= Exercise details =
List each line of the data that holds the string "Nala".

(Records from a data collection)
....
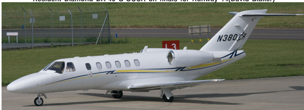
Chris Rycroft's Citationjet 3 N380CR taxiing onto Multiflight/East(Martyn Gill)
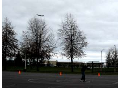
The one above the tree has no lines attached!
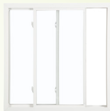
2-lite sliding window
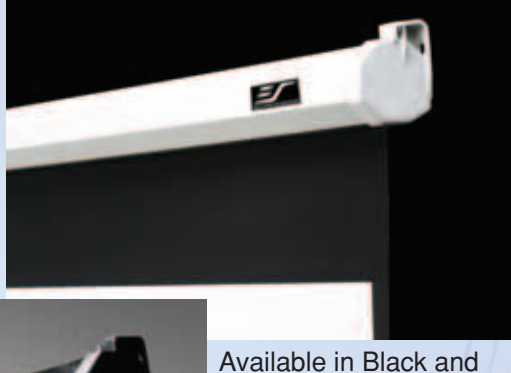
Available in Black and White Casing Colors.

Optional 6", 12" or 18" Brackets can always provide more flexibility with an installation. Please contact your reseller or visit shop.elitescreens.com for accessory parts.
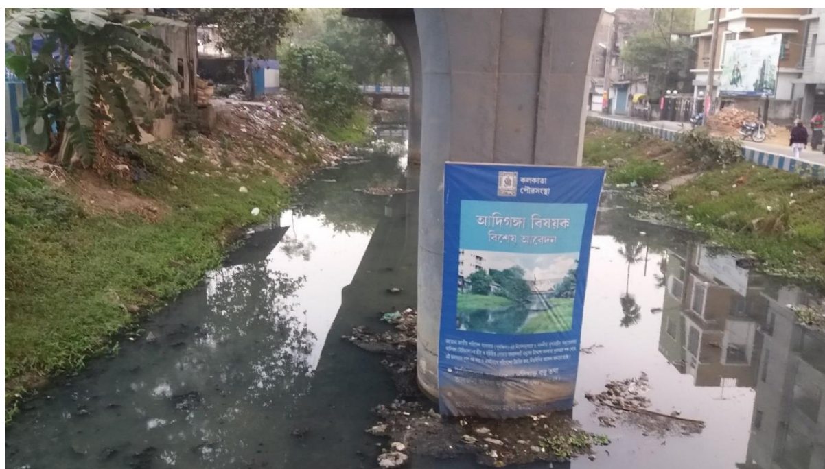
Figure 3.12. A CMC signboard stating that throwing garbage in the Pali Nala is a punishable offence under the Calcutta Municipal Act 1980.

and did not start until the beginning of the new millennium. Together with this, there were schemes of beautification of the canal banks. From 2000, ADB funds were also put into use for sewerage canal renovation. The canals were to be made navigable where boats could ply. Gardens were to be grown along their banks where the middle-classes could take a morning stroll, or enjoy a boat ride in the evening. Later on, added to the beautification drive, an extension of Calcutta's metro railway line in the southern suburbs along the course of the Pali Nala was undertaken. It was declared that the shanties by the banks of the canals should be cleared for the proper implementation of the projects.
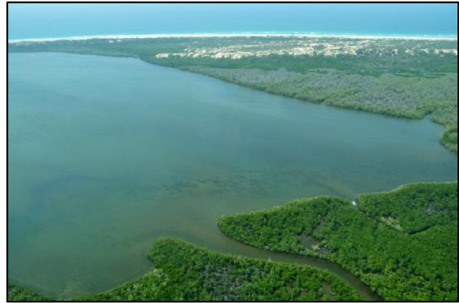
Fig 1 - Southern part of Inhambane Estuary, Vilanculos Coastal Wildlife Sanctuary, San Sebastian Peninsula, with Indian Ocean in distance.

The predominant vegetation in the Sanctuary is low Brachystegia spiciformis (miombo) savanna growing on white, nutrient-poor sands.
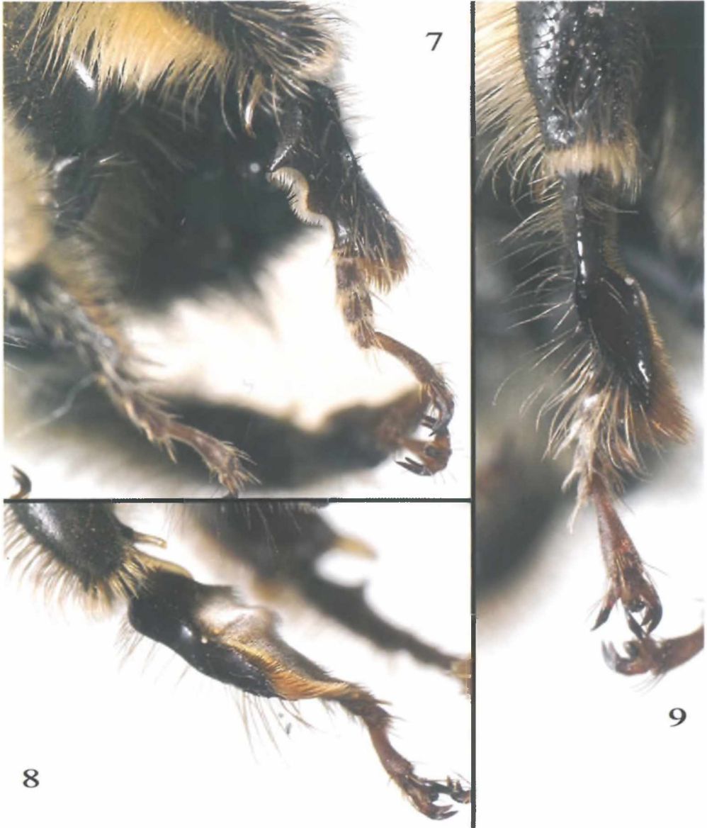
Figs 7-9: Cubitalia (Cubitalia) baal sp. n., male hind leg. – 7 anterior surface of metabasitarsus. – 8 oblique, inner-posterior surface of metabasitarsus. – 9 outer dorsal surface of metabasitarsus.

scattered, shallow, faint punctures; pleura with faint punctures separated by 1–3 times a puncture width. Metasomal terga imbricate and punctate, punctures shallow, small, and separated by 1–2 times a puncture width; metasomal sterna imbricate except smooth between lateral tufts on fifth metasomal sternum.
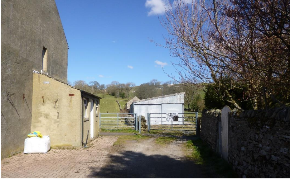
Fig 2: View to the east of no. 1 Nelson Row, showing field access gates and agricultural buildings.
....
= Answer space =
Figure 3.12. A CMC signboard stating that throwing garbage in the Pali Nala is a punishable offence under the Calcutta Municipal Act 1980.
and did not start until the beginning of the new millennium. Together with this, there were schemes of beautification of the canal banks. From 2000, ADB funds were also put into use for sewerage canal renovation. The canals were to be made navigable where boats could ply. Gardens were to be grown along their banks where the middle-classes could take a morning stroll, or enjoy a boat ride in the evening. Later on, added to the beautification drive, an extension of Calcutta's metro railway line in the southern suburbs along the course of the Pali Nala was undertaken. It was declared that the shanties by the banks of the canals should be cleared for the proper implementation of the projects.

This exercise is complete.